The static and dynamic structural bulk properties of fibrous media

Abstract

The structural bulk properties of fibrous materials are investigated. Theoretical models are developed and their predictions are compared to measured data. The properties under both static loading and dynamic excitation are studied.

Macro-scale experimental models are constructed to represent the idealised microscopic structure and to investigate its static behaviour under compression. As a result, the dominant mechanisms of deflection and nonlinearity are respectively identified as bending and the increase in the number of inter-fibre contacts under compression. Exploratory investigations concerning friction and electric contact resistance are conducted on macro-scale models.

As an effective means of representing its structural characteristic, a transversely isotropic structure of stacked cylinders is employed to model a bulk fibrous material. Based on this, static bending models are formulated to describe the structural nonlinear stress-strain behaviour of bulk fibrous media under static compression. In these models, the increase in the number of inter-fibre contacts is related to the shortening of fibre links, and is also further examined in terms of "connectivity'' inside a medium. Similarities to, and differences from, percolation theory are noted.

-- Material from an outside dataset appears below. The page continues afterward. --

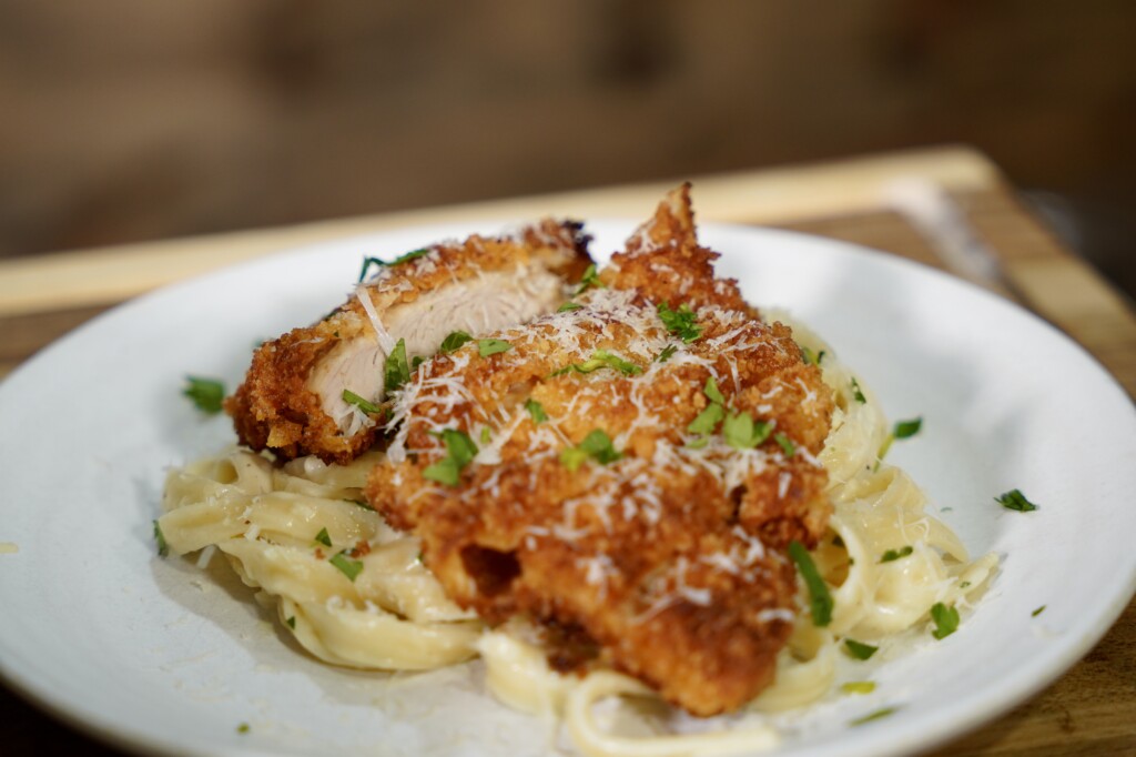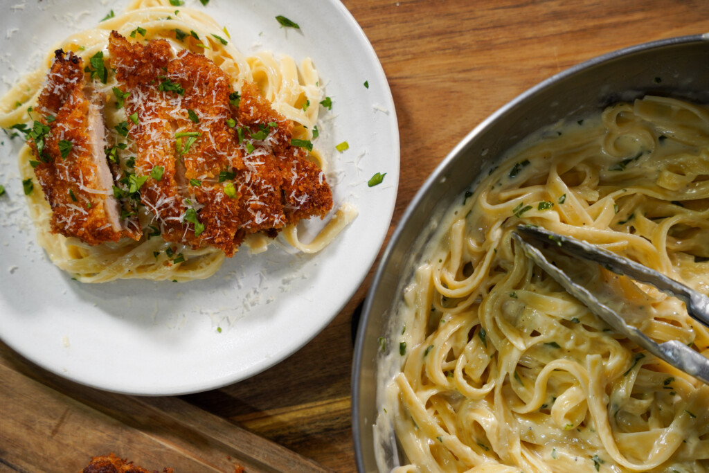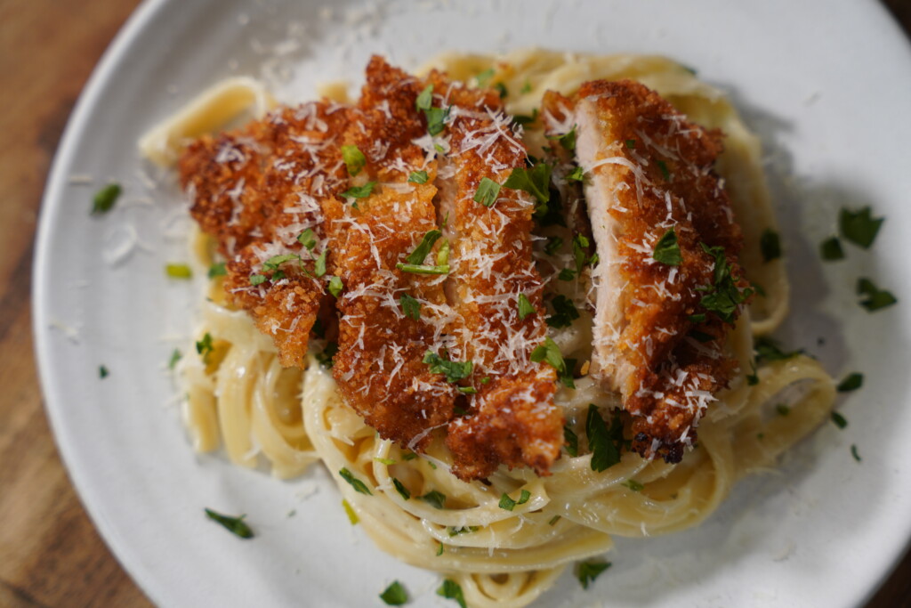 The Alfredo sauce is made from scratch with fresh garlic, real Parmesan, and a touch of lemon juice to brighten everything up. It’s rich without being heavy and coats the pasta beautifully. Combined with the crispy turkey cutlets, every bite is packed with texture and flavor.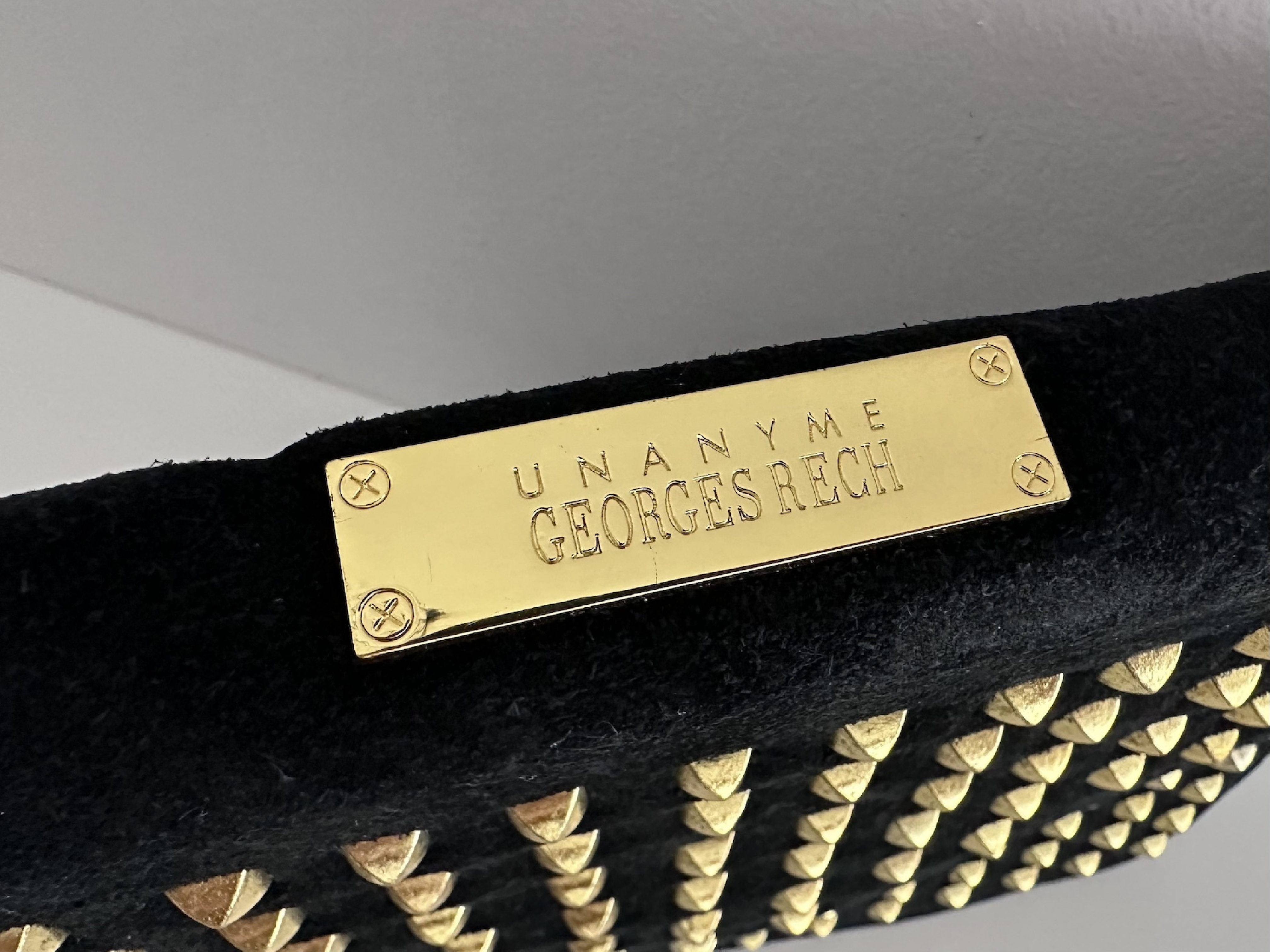 (11935_0792)GEORGES RECH ジョルジュ・レッシュ スタッズ付きクラッチバッグ 黒×ゴールド クラッチバッグ

The dynamic structural bulk properties of fibrous materials are also investigated. Their nonlinear behaviour is dealt with mainly in terms of dependence on the amplitude of excitation, and is characterised by shifts in the measured transmissibility and the corresponding complex Young's modulus.

As in the case of the static properties, the dynamic behaviour of a fibrous material is also investigated by means of idealised models, which show that the nonlinear mechanism is similar to that in the static case.

A novel method is proposed to improve the efficacy in measuring the dynamic properties of a bulk fibrous material. The new method combines the advantages of two conventional techniques, the transfer function method and the mechanical impedance method.

Finally, a nonlinear governing partial differential equation is derived for the dynamic behaviour of a bulk fibrous material. Its analogy to nonlinear equations in other types of media is observed. And the nonlinear behaviour, especially regarding the occurrence of harmonic components, is predicted in the theory as well as being confirmed by experiment.